In S46, data relating to a are again used detected program signal, such as program identifier, Content identifier, etc. as described above, saved as well the switch-on time. In S47, a Program change in addition to the data as stored in S46 also the switch-off time of the abandoned program saved.

Only the case was described above that only free program signals are included in the detection via the antenna 5 of the detection device 1 . Alternatively, if a stationary converter device is provided, the program signals involved in the detection can be a local program signal from the stationary converter device corresponding to a bound program signal.

If, as a further alternative, both bound and free program signals are to be included in the detection, the detection device 1 reads in this case for every n from a table stored in it whether n denotes a local or a free program signal and accordingly guides the signal processing devices 16 a the corresponding useful signal received by the demodulator 11 for the free program signal or the useful signal received by the demodulator 43 for the local program signal.
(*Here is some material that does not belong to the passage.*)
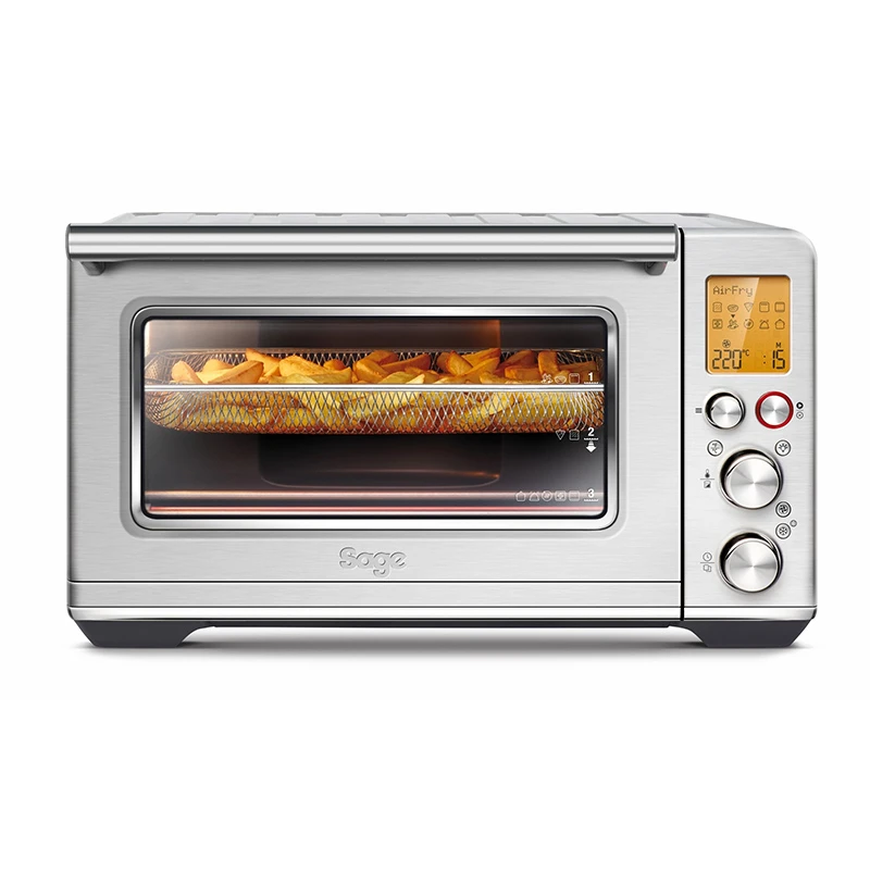 Den smarte miniovn fra Sage er udstyret med 10 smarte madlavningsfunktioner. Du kan blandt andet benytte Air Fryer-funktionen, der indeholder Sage Element iQ-systemet, som kontrollerer varmen og dermed skaber en perfekt sprød oplevelse. De andre funktioner på LCD-displayet hjælper med at tilberede efter behov: Toast (til 6 skiver), Crumpet, Grill, Bake, Roast, Warm, Pizza, Reheat og Slow Cook. Lav lækkert og sprødt kylling eller byd gæsterne på en varm pizza. Velbekomme!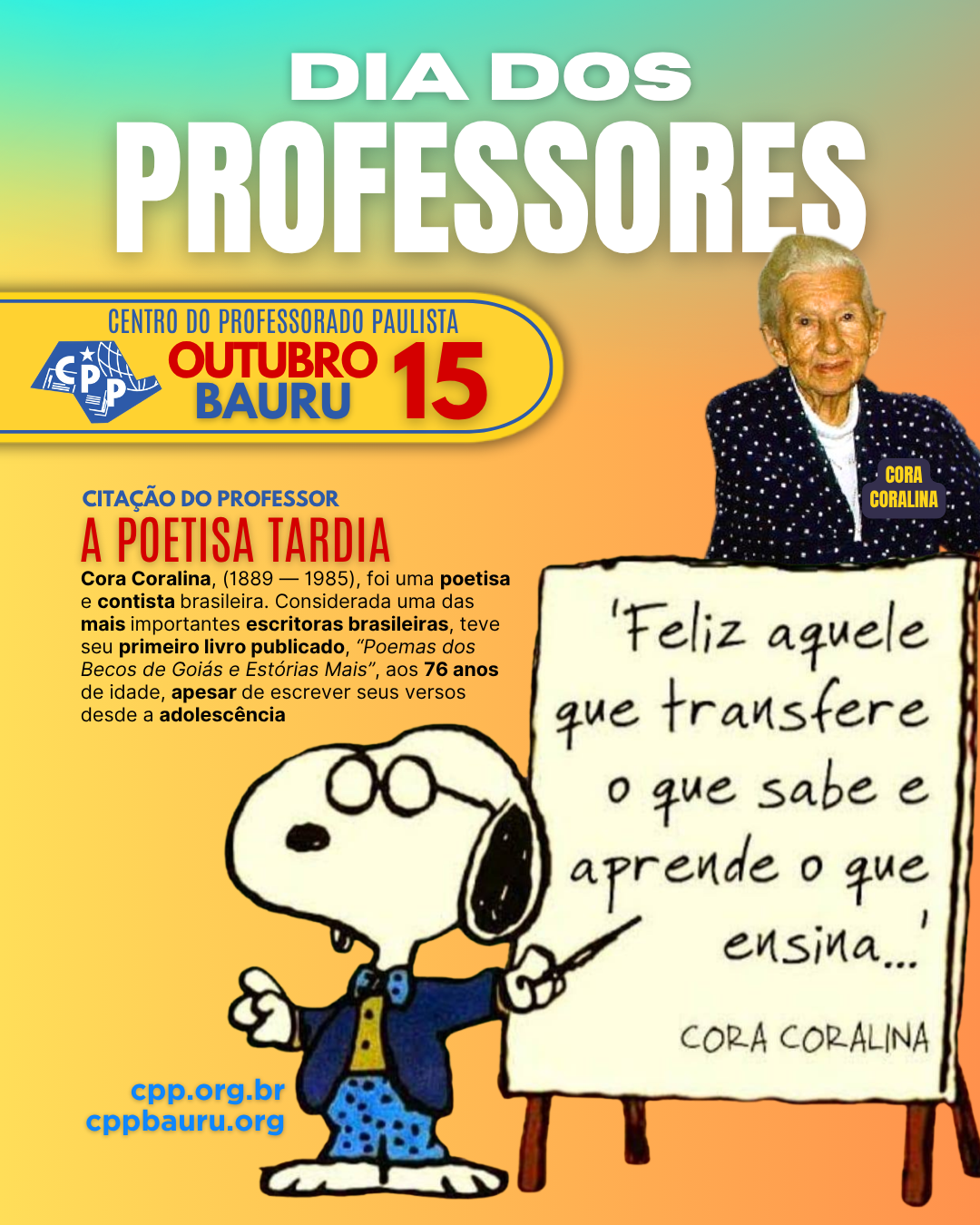 “Feliz aquele que transfere o que sabe, e aprende o que ensina.” — Cora Coralina

If the local program signal transmits useful signals in accordance with the respective bound program signals in time slots as described above, the local detection device can calculate in advance from the predetermined temporal relationship between the transmissions of the individual useful signals when the useful signal is transmitted in accordance with the bound program signal indicated by n. Accordingly, it is sufficient for the mobile detection device to receive the local program signal until an identification data block of the useful signal has informed the control device 16 d which useful signal is to be transmitted next. On the basis of this information, the control device can then calculate the time at which the useful signal indicated by n occurs and switch to an energy-saving mode until it occurs.

In the following embodiments as it is performed by the signal processing means 16 a in the signal processing device 16 will be described in the comparison operation of the reference signal with the useful signal.

The tunable decoder 12 dwells on program signals from a predetermined reception strength with a predetermined dwell time. The dwell time can be specified on the production side or by configuration. The comparison between the reference signal and the useful signal takes place during this time. The dwell time on each program signal is dimensioned in such a way that maximum time differences between the reference signal and the useful signal and the time required for the comparison are taken into account. The actual comparison takes place using a method that delivers a result that is independent of runtime differences.

According to a first exemplary embodiment of a comparison method according to the invention, the comparison of reference signal and useful signal is carried out in the frequency domain. For this purpose, the digitized signals are transformed into the frequency range in the signal processing device 16 by means of a discrete Fourier transformation.

Depending on the location of the test person wearing the detection device 1 , there may be variable transit time differences in the range between 0 and 30 ms. These transit time differences result from the sound propagation speed over a distance between 0 and 10 meters.

Using an FFT (Fast Fourier Transformation), the two real signals, namely reference signal and useful signal, transform at the same time. However, there are others Transformation methods and algorithms can be used. Because of the maximum transit time difference of about 30 ms between the Both signals should be the sampling time for one Comparison process is approx. 90 ms. Will the two Signals each sampled with a sampling period of 100 µs, This results in a sampling time of around at 1024 sampling points 100 ms.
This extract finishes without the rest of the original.